Podczas gdy – jak twierdzi Gartner – 14 proc. budżetów marketingowych jest dedykowanych personalizacji, więcej niż jeden marketingowiec na czterech postrzega jeszcze niezbędną technologię jako istotny hamulec. Fakt, że Gartner przewiduje, iż jedna trzecia wszystkich „wpadek” marek w dziedzinie relacji publicznych będzie związana z etyką dotyczącą danych wrażliwych, nie zwiększa entuzjazmu. 

Przeszkody

Inne przeszkody, według przytaczanej analizy, dotyczą samej personalizacji: rosnącej nieufności konsumentów, obostrzeń legislacyjnych i regulaminowych, barier technologicznych stawianych, by przeszkodzić śledzeniu internautów. Tak więc druk na nowo mógłby zaoferować interesującą alternatywę: różne badania (zwłaszcza Marketing-Sherpa) wskazują, że przesyłki papierowe są medium, które wzbudza największe zaufanie. Zresztą EROD – Europejska Rada Ochrony Danych (w rozporządzeniu z maja 2018, które zostanie poddane ewaluacji w maju br.) przewiduje wyjątek dla druków personalizowanych: obowiązek wstępnej autoryzacji (opt-in) – niezbędny w przypadku e-maili, SMS-ów itp. – został zastąpiony opcją opt-out. A przemysł poligraficzny wciąż jest w stanie dostarczać odpowiedzi technologicznych na wyzwania związane z zarządzaniem, przetwarzaniem i produkcją druków personalizowanych wysokiej jakości.

Wzrost mimo wszystko

Inni eksperci wyrażają odmienny pogląd na segment rynkowy druku atramentowego. Erwin Busselot (dyrektor Business Innovations & Solutions, Ricoh Europe) jest optymistą. Często wysuwane są zastrzeżenia, że druk cyfrowy stanowi dotychczas jedynie 3 proc. wolumenu druków. Busselot woli jednak koncentrować się na takich segmentach rynku jak druki transakcyjne, przesyłki reklamowe czy książki. Tam widać, że inkjet zdobył już ponad 20 proc. stron drukowanych wcześniej offsetem.

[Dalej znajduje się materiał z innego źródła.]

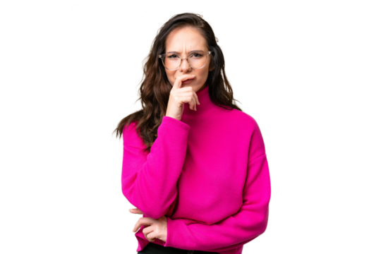 Thoughtful woman transparent background licking lips expression

Według analityków rynku Smithers Pira druk cyfrowy (w tym inkjet) miał 17,4 proc. udziału w ogólnej produkcji druków w 2019 roku, czyli o 3,9 proc. więcej niż w 2014. Ten udział ma się zwiększyć do 21,1 proc. w ciągu najbliższych 5 lat. Erwin Busselot nieco studzi jednak zadowolenie z tak obiecujących rezultatów.

Wzrost w ciągu ostatnich 5 lat wynikał przede wszystkim z faktu, że spory wolumen druków produkowanych wcześniej techniką offsetową został przeniesiony na systemy druku cyfrowego. Co jednak nie przeszkadza technikom konwencjonalnym wciąż posiadać większości udziałów w rynku – stwierdza Busselot. Druk cyfrowy jest często postrzegany jako odpowiedź na zmniejszenie nakładów – jednakże maszyny konwencjonalne również silnie ewoluują w tym kierunku. Dane zmienne pozostają kluczowym argumentem w sprzedaży, dzięki któremu systemy cyfrowe istotnie różnią się od maszyn klasycznych.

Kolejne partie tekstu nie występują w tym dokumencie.